** Opening Records block **

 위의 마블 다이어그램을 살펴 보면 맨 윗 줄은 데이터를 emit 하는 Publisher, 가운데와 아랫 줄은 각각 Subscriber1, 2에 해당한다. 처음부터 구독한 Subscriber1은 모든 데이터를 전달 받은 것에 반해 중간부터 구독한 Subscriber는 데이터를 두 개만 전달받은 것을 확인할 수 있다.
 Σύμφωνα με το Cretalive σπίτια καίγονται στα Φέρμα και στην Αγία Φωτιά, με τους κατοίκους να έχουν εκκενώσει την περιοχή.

** Closing Records block **
** Opening Records block **

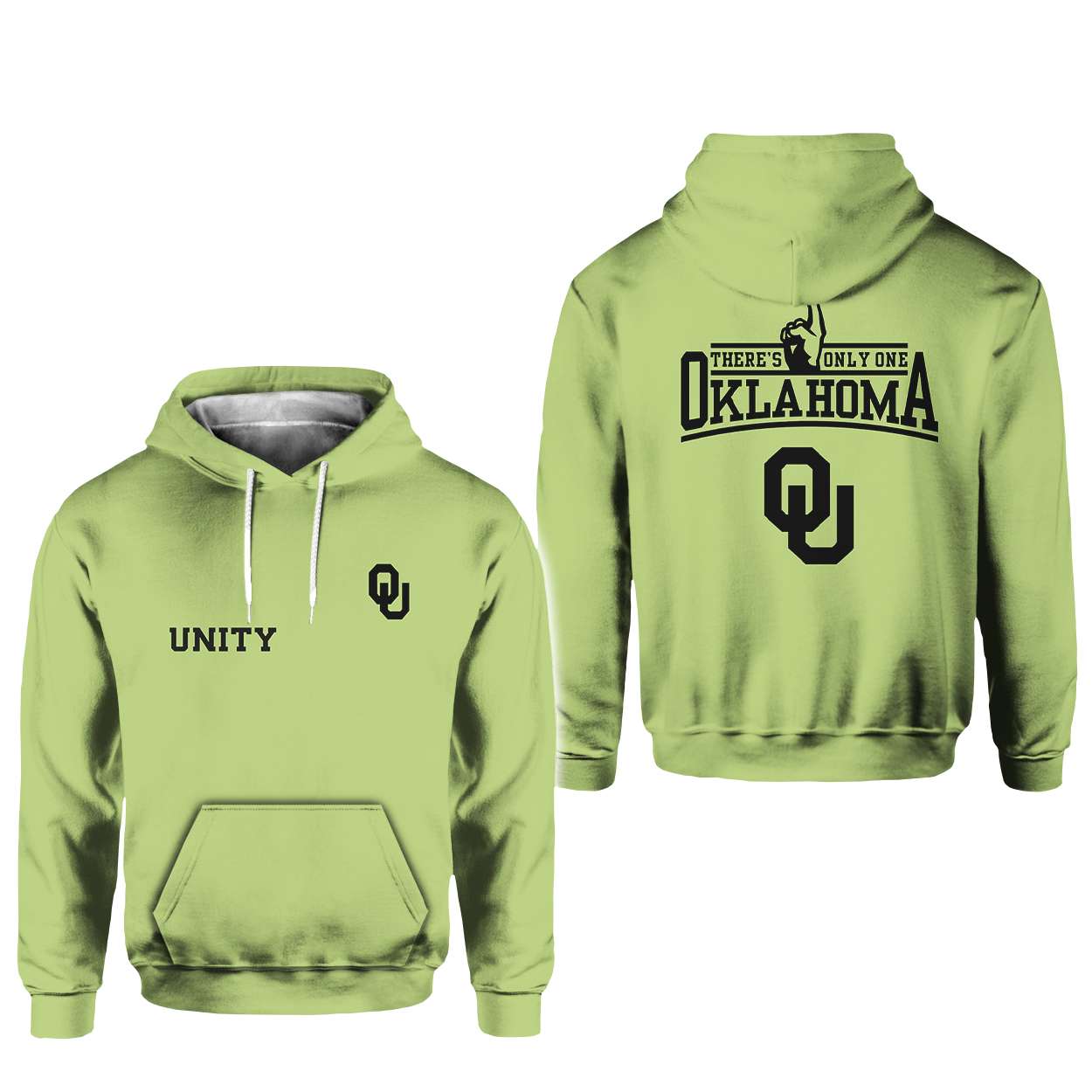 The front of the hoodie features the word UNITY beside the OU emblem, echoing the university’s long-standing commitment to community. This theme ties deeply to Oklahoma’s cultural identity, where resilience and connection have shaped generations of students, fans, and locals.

** Closing Records block **

§ **To do**
In the listing above, find the line containing "위의 마블 다이어그램을" and the line containing "Σύμφωνα με το", then quote both, plus every line between them, exactly as written.

§ **Your response**
 위의 마블 다이어그램을 살펴 보면 맨 윗 줄은 데이터를 emit 하는 Publisher, 가운데와 아랫 줄은 각각 Subscriber1, 2에 해당한다. 처음부터 구독한 Subscriber1은 모든 데이터를 전달 받은 것에 반해 중간부터 구독한 Subscriber는 데이터를 두 개만 전달받은 것을 확인할 수 있다.
 Σύμφωνα με το Cretalive σπίτια καίγονται στα Φέρμα και στην Αγία Φωτιά, με τους κατοίκους να έχουν εκκενώσει την περιοχή.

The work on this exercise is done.